The Indian fitness industry has grown steadily over the last couple of years. Several studies of the Indian retail fitness services market estimated that there are approximately six million active users in the country. These users are spending in the range of $350 to $400 on fitness services annually, making this industry a $2.6 billion market.
However, the scenario was different until a few years ago. The fitness industry in India was unorganized and fragmented, with access to top-of-the-line fitness offerings mostly restricted to urban areas. In addition to this, many of these services were heavy on the pocket, especially for the Indian middle-class.
This began changing considerably when the fitness industry embraced technology. A clear push towards digital transformation is visible towards making fitness more accessible, affordable and personalized. Entry of organized players in the market, rapid urbanization, deep smartphone and internet penetration, and high disposable incomes have given further impetus to digital adoption in Indian fitness industry.
Pandemic-induced rapid digital adoption
While the fitness industry was inching towards digital adoption, the pace was rather sluggish. However, everything changed with the pandemic and nationwide lockdown. Temporary closing of gyms disrupted the liquidity of many fitness businesses in India, making it imperative for them to accelerate digital transition. Many gyms and fitness studio chains, which were largely physical and on-ground centres, took their entire gamut of services online.
This was not only a necessity to stay relevant but also to survive. Virtual workout sessions, nutrition consultations and personal trainings, among others became the new normal. To top it, people are increasingly becoming comfortable with working out within the comfort of their homes.
Wearables and apps on the move
Technology has permeated the fitness industry in many ways. One of them is wearables. The Indian wearable market registered 11.8 million units shipment in 3Q20, clocking 165.1% year-over-year (YoY) growth, according to IDC’s Worldwide Quarterly Wearable Device Tracker. For many, wearables are the intersection between fitness and technology.
In reality, they are just the tip of the iceberg. The active role of gadgets in fitness is diminishing the boundaries of gym and workouts at home. These devices count steps, heart rate and calories burnt, enabling fitness beginners and professionals to track and access health-related data.
Similarly, demand for AI-powered health, nutrition, and fitness apps have increased substantially. Fitness app downloads have seen a 45% surge globally and 10% on consumer spends between March 22-28. As per a report, the app revenue is estimated to grow $727 million by 2024. With technology, fitness offerings are becoming easily accessible to a larger consumer base at their fingertips.
Millennials drive health and fitness consumption
Today, more and more people are becoming proactive, rather than reactive, about their health. In fact, owing to the physical and psychological implications of COVID-19, the importance of overall well-being has grown manifold. This trend is more prominent amongst the millennial population.
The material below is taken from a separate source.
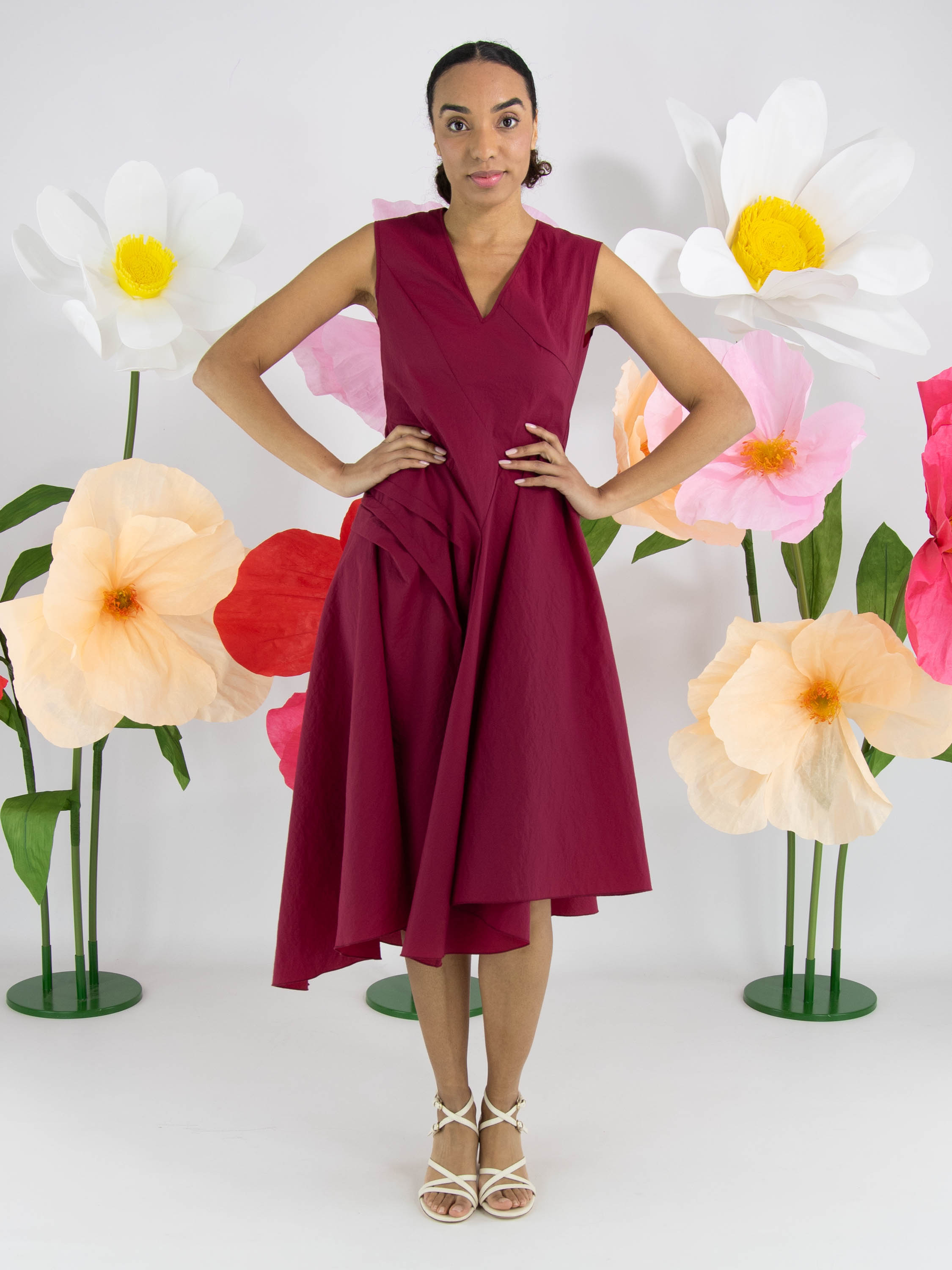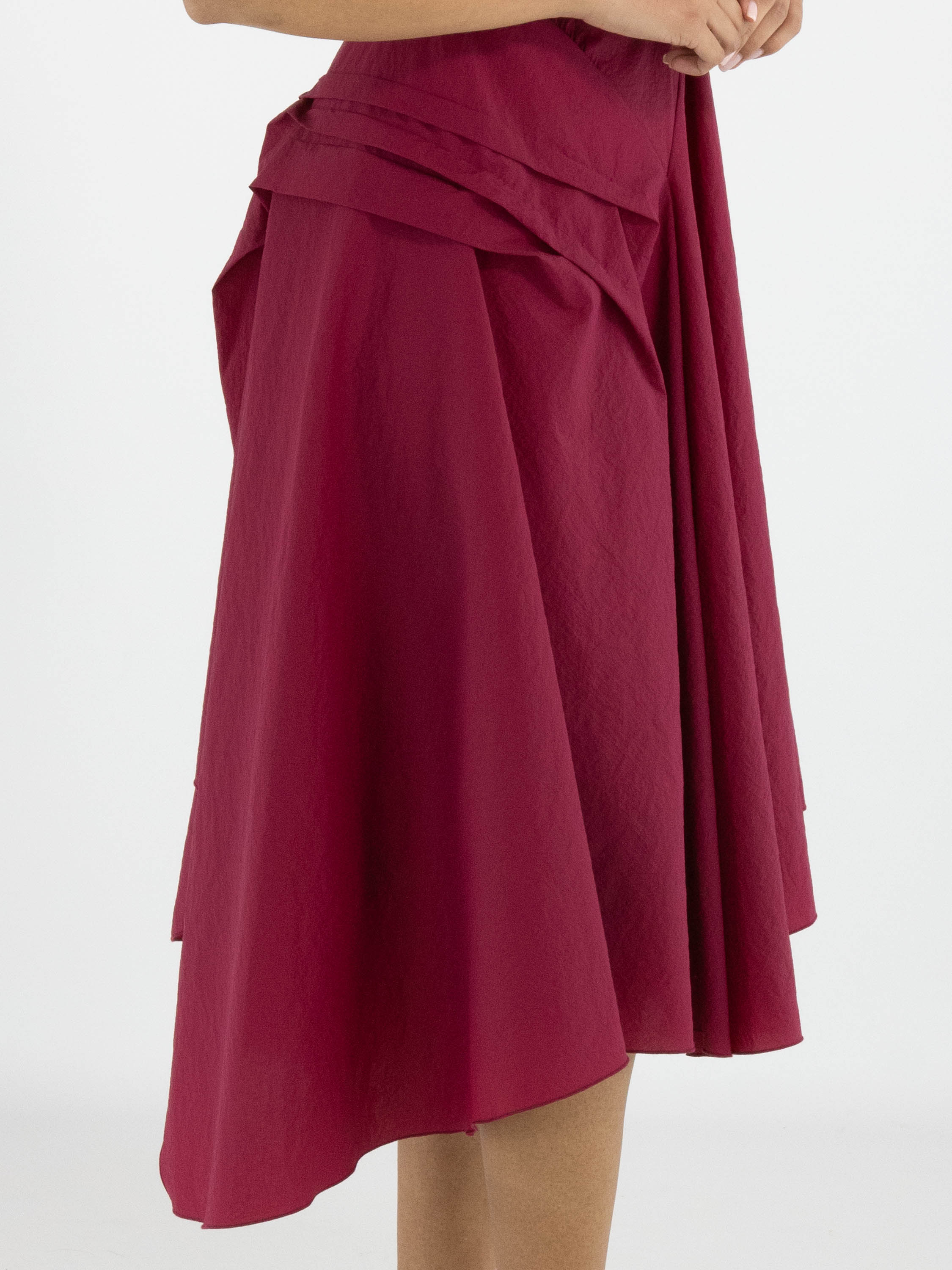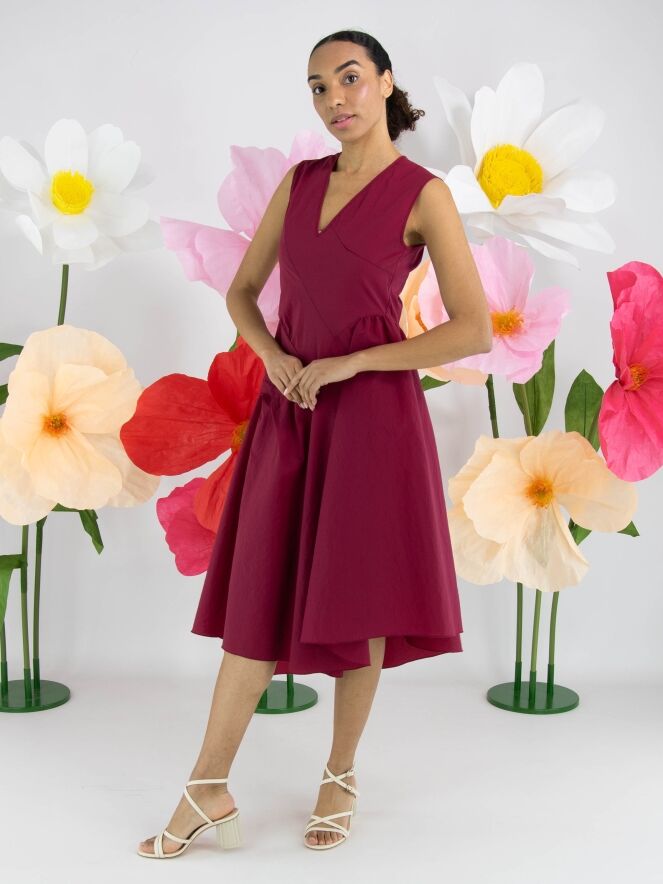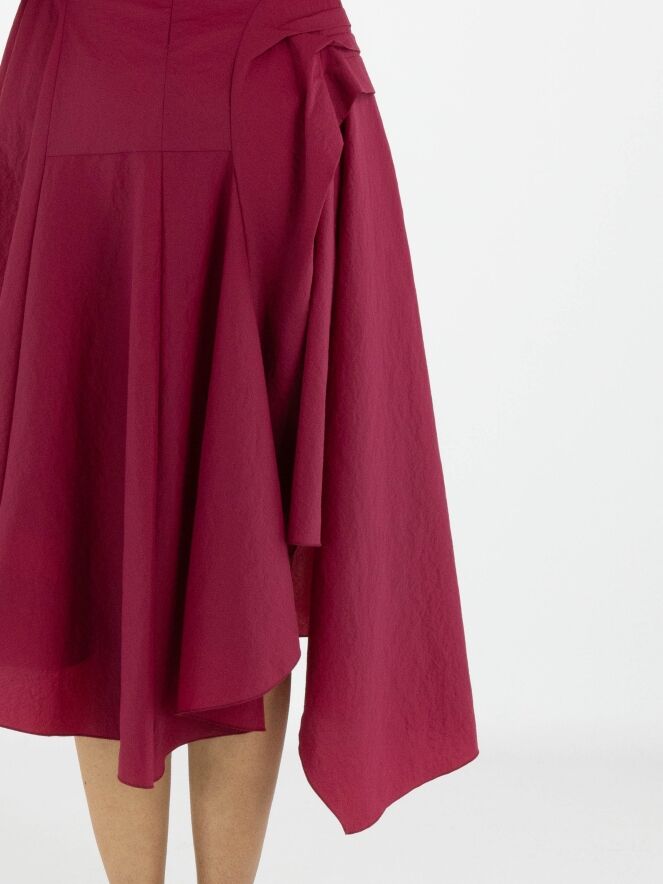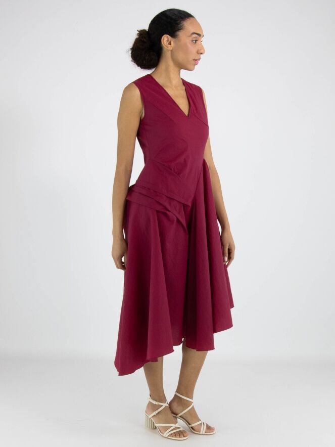 A dress from High Lab made from an opaque parachute fabric in raspberry red. The dress features a V-neckline, with a diagonal pleated seam running from the left shoulder to the right side of the waist. At the left side of the waist, three pleated folds are added. From the waist down, the dress flares out. This dress can be washed at 30 degrees.
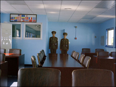 سربازان کره شمالی در مقابل يکی از ميزهايی که مرز بين دو کره را مشخص می کند نگهبانی می دهند. آزمايش هسته ای کره شمالی واکنشهای جهانی را برانگيخت و منجر به اعمال تحريمهای پولی و تسليحاتی از سوی سازمان ملل متحد عليه اين کشور شد.

A report by Deloitte India and Retailers Association of India states that at 426 million, India has the largest millennial population in the world. They form at least 50% of the Indian workforce and are considered the drivers of consumer market.
Further, millennials are the most health-conscious people in India and spend a sizeable amount of their time on digital platforms. Availability of digital health and fitness services accelerates their consumption amongst millennials.
Strong Social Communities
With social media, the way fitness industry interacts with its audience is also changing. Developing strong social communities is making a difference for fitness players. These communities bring together like-minded individuals or fitness enthusiasts who help, encourage and motivate one another in their fitness journey.
Such communities allow fitness brands to become thought leaders by educating the members and enabling them to share this knowledge with others. Often, these members end up becoming an extension of the brand and attracting new customers.
For instance, Fittr is a community-driven online platform that helps people achieve their fitness goals. Today, it has built a strong social community of over 850,000 members, with many of them becoming Fittr’s customers with zero customer acquisition costs.
New Business Models
The new normal has pushed the boundaries of fitness industry. It expected that new business models will emerge, which is likely to be an amalgamation of physical and digital offerings. According to a report by Allied Market Research, the global online fitness market size was valued at $6,046 million in 2019 and is projected to reach $59,231 million by 2027, growing at a CAGR of 33.1% from 2020 to 2027.
The report mentions that Asia-Pacific region is expected to experience the highest growth rate. Additionally, the health and wellness apps offering on-demand fitness classes and live streaming are considered to be a cost-effective solution.
Technology has indeed become a facilitator for the fitness industry. It enables it to offer tailor-made solutions, enhancing the overall customer experience and satisfaction.